Times have moved on, but bosses are still bosses. The ones who stress that they can be trusted and that the workers do not need representation are usually the very ones who cannot.
Two examples. In the recent West Indies dispute, when players were dropped after refusing to scrap their own valid contracts with the board's former sponsor, FICA played a vital part in brokering a solution to a bitter row. The West Indies board and the local players' association were at loggerheads, and it took an external third party to help sort things out.
In Zimbabwe, a number of players have still not been paid money owed from more than seven months ago, and the board has effectively sidelined their players' association. But pressure has been brought - quietly - to try to bring about a solution, with a degree of success.
In these instances, the local board was the very body who could not be relied on to act impartially. And, as Zimbabwe proves, the ICC is powerless to act in such instances. Without FICA, there will be no checks on the less generously-minded boards.
So why has the ICC hierarchy, who usually remain calm and detached from such issues, suddenly come out all guns blazing? The answer would seem to be that the executive - the same board heads who Speed and Mani insist can be relied on to safeguard the players - have decided to get tough. Break the union and remove a major obstacle - or as some would argue, a lone voice of reason - and pave the way to implement a burgeoning and punishing schedule.
If the players were treated fairly then this would not matter.

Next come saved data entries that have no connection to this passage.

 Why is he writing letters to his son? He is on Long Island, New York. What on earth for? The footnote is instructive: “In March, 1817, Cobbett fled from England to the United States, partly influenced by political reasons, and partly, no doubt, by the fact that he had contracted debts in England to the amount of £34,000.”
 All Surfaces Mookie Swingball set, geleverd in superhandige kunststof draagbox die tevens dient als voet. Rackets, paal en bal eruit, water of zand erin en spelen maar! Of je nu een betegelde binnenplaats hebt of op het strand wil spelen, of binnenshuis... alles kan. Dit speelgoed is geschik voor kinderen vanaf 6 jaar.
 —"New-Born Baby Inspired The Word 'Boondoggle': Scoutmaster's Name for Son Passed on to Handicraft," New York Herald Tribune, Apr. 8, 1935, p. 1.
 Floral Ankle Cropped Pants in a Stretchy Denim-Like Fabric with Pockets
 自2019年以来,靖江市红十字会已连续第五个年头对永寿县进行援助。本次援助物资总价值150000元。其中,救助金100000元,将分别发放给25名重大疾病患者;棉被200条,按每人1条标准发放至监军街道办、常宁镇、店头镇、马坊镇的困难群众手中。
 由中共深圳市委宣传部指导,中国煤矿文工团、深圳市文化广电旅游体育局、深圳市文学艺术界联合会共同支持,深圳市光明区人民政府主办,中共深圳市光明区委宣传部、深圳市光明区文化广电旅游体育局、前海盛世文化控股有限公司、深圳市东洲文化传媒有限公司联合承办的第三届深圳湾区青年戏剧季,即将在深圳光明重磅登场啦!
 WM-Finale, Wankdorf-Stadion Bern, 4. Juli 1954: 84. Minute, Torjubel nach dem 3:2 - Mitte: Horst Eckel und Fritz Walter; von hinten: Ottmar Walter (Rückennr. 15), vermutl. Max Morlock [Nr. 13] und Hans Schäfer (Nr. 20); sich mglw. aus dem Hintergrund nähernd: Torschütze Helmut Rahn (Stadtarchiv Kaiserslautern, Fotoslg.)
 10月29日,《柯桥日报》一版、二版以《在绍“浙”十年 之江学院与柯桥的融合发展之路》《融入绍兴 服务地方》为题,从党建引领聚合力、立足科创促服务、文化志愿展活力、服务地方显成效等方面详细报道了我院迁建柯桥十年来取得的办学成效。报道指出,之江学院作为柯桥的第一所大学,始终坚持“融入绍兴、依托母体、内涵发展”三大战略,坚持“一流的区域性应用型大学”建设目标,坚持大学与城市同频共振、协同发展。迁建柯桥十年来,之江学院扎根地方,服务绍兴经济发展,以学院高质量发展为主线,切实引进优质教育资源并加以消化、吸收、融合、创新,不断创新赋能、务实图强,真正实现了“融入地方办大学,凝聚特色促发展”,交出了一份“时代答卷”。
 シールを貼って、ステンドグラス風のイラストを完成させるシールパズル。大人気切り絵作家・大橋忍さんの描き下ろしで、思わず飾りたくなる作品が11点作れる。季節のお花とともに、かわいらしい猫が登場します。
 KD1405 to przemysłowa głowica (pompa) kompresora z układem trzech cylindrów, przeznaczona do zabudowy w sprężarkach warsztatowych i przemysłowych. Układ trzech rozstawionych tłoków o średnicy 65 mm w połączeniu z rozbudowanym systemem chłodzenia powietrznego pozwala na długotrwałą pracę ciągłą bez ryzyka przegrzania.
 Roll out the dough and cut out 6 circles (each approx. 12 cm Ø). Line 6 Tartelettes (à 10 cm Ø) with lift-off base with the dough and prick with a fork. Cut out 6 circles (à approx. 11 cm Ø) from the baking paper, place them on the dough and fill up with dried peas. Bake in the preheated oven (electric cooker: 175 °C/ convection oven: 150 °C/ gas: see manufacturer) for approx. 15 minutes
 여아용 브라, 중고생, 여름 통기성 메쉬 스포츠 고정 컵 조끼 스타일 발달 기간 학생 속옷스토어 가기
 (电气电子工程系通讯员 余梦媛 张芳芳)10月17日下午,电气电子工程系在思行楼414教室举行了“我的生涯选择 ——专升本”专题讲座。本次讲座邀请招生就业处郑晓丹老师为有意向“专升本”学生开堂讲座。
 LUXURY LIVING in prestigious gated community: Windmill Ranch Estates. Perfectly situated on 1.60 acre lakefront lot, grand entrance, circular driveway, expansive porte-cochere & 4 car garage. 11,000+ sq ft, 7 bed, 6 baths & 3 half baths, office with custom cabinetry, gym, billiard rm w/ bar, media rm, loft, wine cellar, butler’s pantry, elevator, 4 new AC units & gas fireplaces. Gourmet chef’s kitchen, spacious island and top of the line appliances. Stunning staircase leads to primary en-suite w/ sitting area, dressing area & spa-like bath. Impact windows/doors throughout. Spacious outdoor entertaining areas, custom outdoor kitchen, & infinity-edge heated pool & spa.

But increasingly, they are becoming an afterthought. May hit the nail on the head when he said that "very important decisions are being made by ICC committees which have no international cricket playing experience and appear to have no appreciation of the demands and pressures of the game today from a players perspective." Not one of the executives can speak as an international cricketer and so can claim to be arguing from a position of knowledge.
Speed concluded by railing against FICA's "unnecessarily belligerent approach" in dealings with the ICC. He should remember that, sometimes, when people feel they are banging their heads against a brick wall, they get slightly arsy.
Sometimes cricket's administrators are accused of being out of touch and of living in the dark ages. That criticism is often unfair, but the ICC executive's latest approach to dealing with the workers is more reminiscent of a 19th century factory owner than a custodian of the game.